EXERCISE DETAILS - Write out exactly the lines below starting at the one containing "baby are you" and ending at the one containing "Larus argentatus 4P30". Omit every picture.

INFORMATION GIVEN -
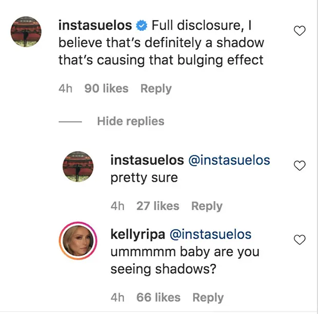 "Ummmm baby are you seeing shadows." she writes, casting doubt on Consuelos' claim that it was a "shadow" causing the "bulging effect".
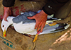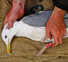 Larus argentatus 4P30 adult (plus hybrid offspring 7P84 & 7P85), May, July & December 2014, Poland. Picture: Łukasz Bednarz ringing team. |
---
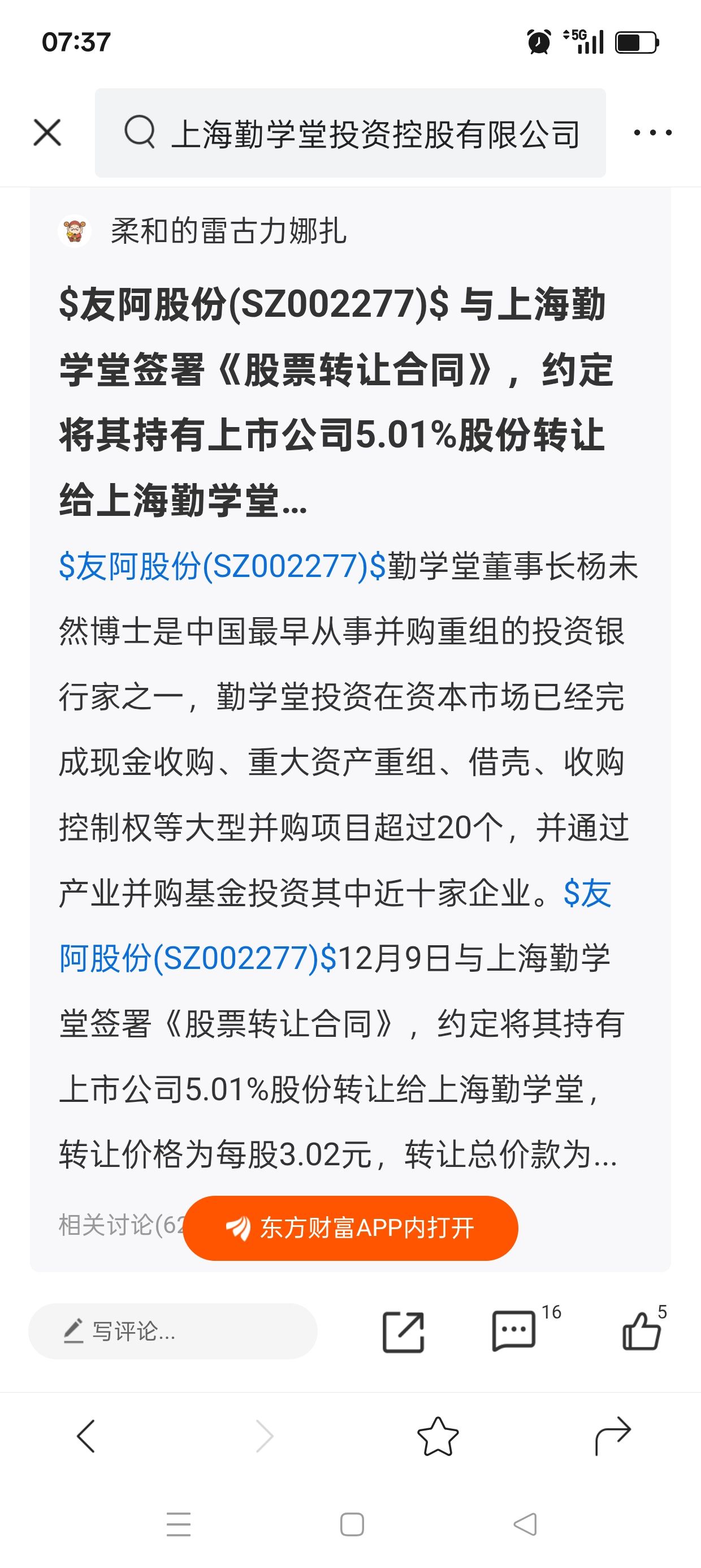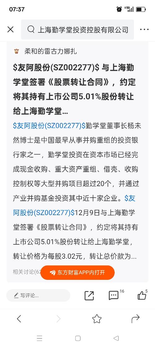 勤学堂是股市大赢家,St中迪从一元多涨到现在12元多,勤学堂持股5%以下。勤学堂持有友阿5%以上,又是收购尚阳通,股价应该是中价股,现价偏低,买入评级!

RESULT OF THE EXERCISE -
 "Ummmm baby are you seeing shadows." she writes, casting doubt on Consuelos' claim that it was a "shadow" causing the "bulging effect".
 Larus argentatus 4P30 adult (plus hybrid offspring 7P84 & 7P85), May, July & December 2014, Poland. Picture: Łukasz Bednarz ringing team. |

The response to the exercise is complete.